● GIVEN MATERIAL:

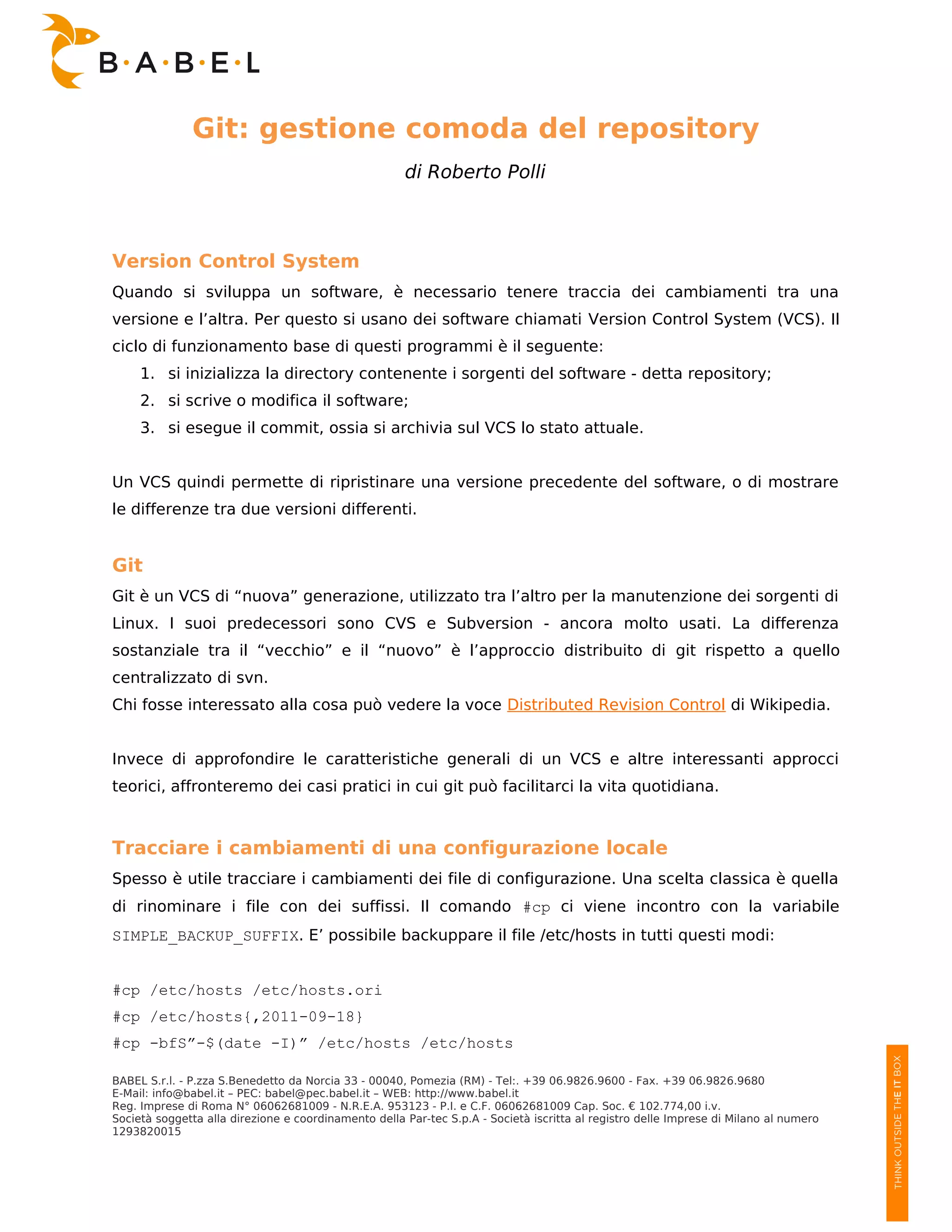Il documento descrive Git, un sistema di controllo versione distribuito, evidenziando la sua utilità nel tracciamento delle modifiche nel codice sorgente. Viene spiegato il processo di creazione di un repository, l'aggiunta di file, e l'uso di branch per gestire lo sviluppo di funzioni in modo isolato. Inoltre, si discutono comandi pratici per le operazioni comuni e vengono forniti esempi su come gestire le modifiche e risolvere eventuali conflitti.
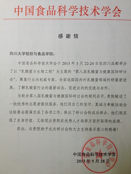 中国食品科学技术学会于2013年5月22-24日在成都举办“第八届乳酸菌与健康国际研讨会”,羞羞漫画 选派戚伟鹏等八名优秀志愿者参与大会志愿服务工作,他们认真负责圆满完成各项工作,得到一致好评,展现了羞羞漫画 志愿者风采。
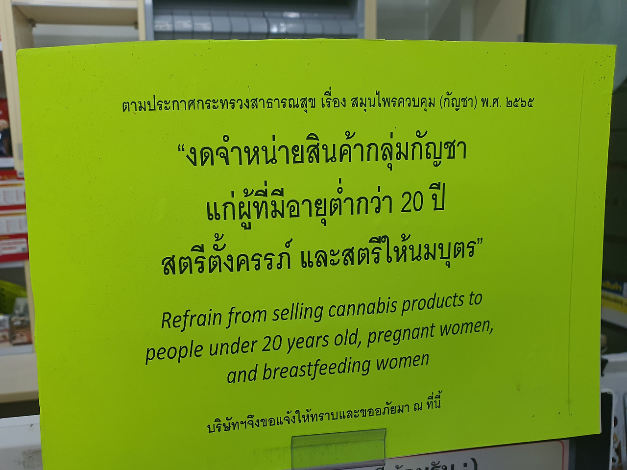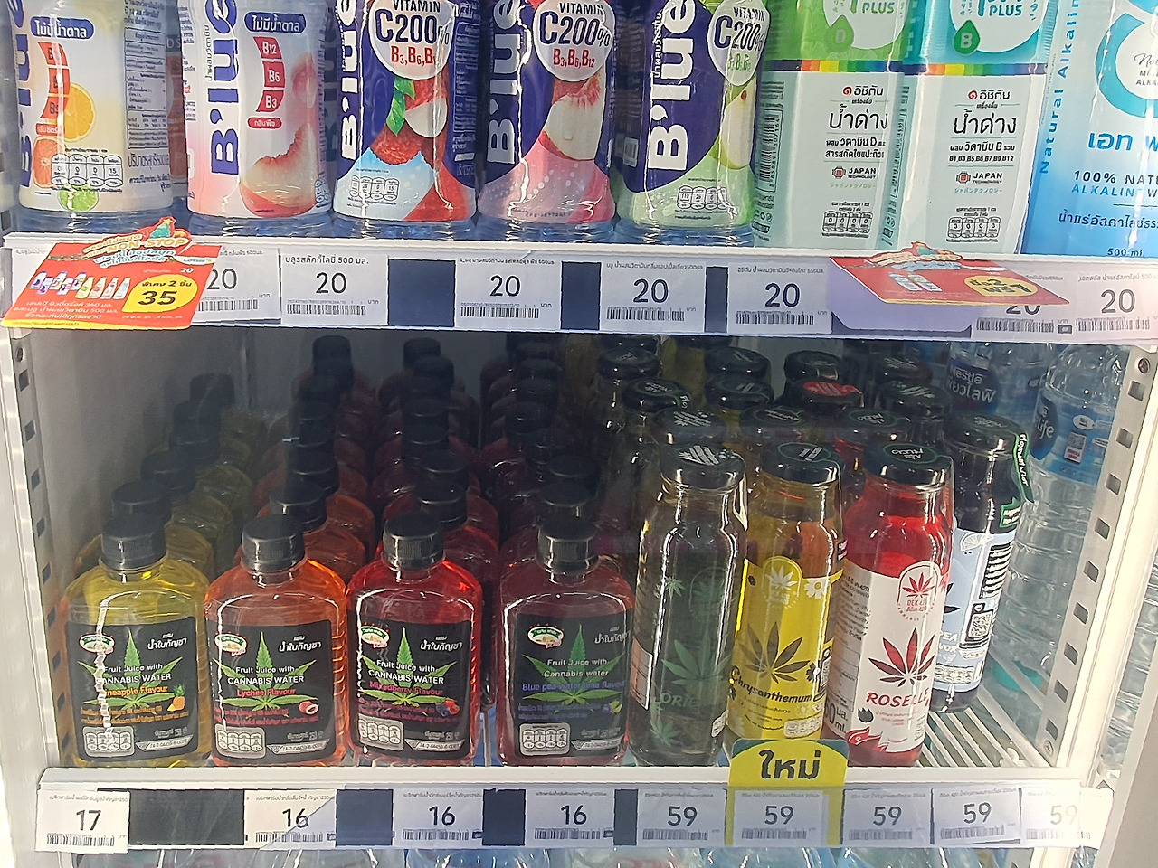 태국 마트에서는 녹색 대마잎이 그려진 대마음료가 일반 음료와 함께 판매되고 있다. 대마의 종류(카나비스, 마리화나, Weed, Grass, 칸차, 칸총 등)도 다양할 뿐 아니라 심지어 일반 주스에 대마음료를 혼합하여 판매하고 있는 경우도 있다. 비록 20세 미만, 임산부 등에게 판매하지 않는다지만 소비를 장려하는 느낌을 지울 수 없다.
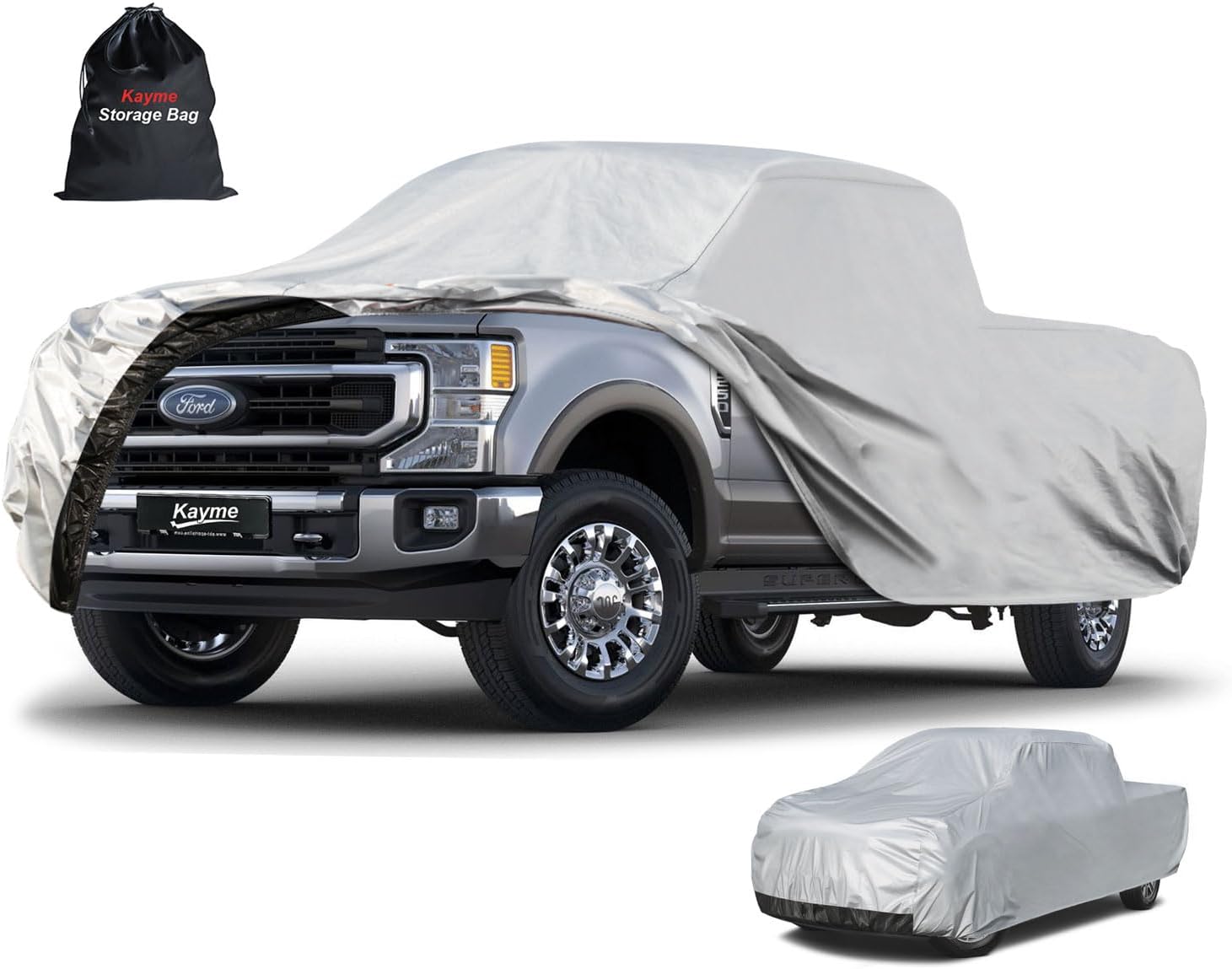 Kayme Full Size Truck Cover Waterproof All Weather, Heavy Duty Outdoor Large Pickup Cover Sun Rain Uv Protection, Universal Fit Ford F250 F350 RAM 2500 3500(Length Up to 262 inch) XXXL.Silver

● TASK PROMPT: Retype all of the material above precisely as it reads. Pictures are not part of the copy.

● ANSWER SPACE:
Il documento descrive Git, un sistema di controllo versione distribuito, evidenziando la sua utilità nel tracciamento delle modifiche nel codice sorgente. Viene spiegato il processo di creazione di un repository, l'aggiunta di file, e l'uso di branch per gestire lo sviluppo di funzioni in modo isolato. Inoltre, si discutono comandi pratici per le operazioni comuni e vengono forniti esempi su come gestire le modifiche e risolvere eventuali conflitti.
 中国食品科学技术学会于2013年5月22-24日在成都举办“第八届乳酸菌与健康国际研讨会”,羞羞漫画 选派戚伟鹏等八名优秀志愿者参与大会志愿服务工作,他们认真负责圆满完成各项工作,得到一致好评,展现了羞羞漫画 志愿者风采。
 태국 마트에서는 녹색 대마잎이 그려진 대마음료가 일반 음료와 함께 판매되고 있다. 대마의 종류(카나비스, 마리화나, Weed, Grass, 칸차, 칸총 등)도 다양할 뿐 아니라 심지어 일반 주스에 대마음료를 혼합하여 판매하고 있는 경우도 있다. 비록 20세 미만, 임산부 등에게 판매하지 않는다지만 소비를 장려하는 느낌을 지울 수 없다.
 Kayme Full Size Truck Cover Waterproof All Weather, Heavy Duty Outdoor Large Pickup Cover Sun Rain Uv Protection, Universal Fit Ford F250 F350 RAM 2500 3500(Length Up to 262 inch) XXXL.Silver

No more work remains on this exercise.